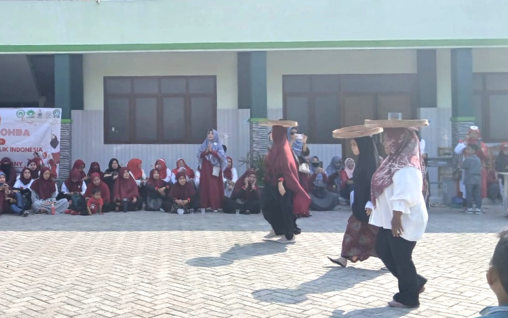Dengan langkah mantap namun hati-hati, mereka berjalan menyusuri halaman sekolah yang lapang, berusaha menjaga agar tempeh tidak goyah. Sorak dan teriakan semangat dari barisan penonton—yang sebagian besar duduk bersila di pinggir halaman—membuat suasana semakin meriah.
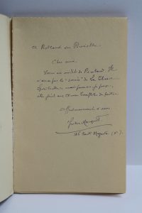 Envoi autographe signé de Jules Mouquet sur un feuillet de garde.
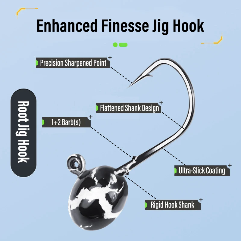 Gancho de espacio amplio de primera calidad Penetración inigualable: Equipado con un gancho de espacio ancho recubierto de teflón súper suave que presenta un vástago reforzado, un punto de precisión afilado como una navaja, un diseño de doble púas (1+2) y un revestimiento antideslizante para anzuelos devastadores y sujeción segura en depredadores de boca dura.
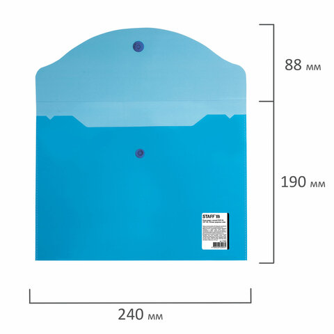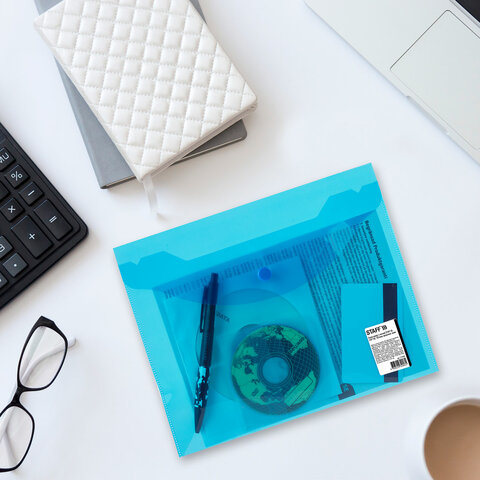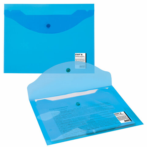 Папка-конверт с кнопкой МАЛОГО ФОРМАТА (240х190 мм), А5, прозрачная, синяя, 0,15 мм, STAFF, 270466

Description of the task: Write out the whole listing exactly, with no pictures.

Response:
Dengan langkah mantap namun hati-hati, mereka berjalan menyusuri halaman sekolah yang lapang, berusaha menjaga agar tempeh tidak goyah. Sorak dan teriakan semangat dari barisan penonton—yang sebagian besar duduk bersila di pinggir halaman—membuat suasana semakin meriah.
 Envoi autographe signé de Jules Mouquet sur un feuillet de garde.
 Gancho de espacio amplio de primera calidad Penetración inigualable: Equipado con un gancho de espacio ancho recubierto de teflón súper suave que presenta un vástago reforzado, un punto de precisión afilado como una navaja, un diseño de doble púas (1+2) y un revestimiento antideslizante para anzuelos devastadores y sujeción segura en depredadores de boca dura.
 Папка-конверт с кнопкой МАЛОГО ФОРМАТА (240х190 мм), А5, прозрачная, синяя, 0,15 мм, STAFF, 270466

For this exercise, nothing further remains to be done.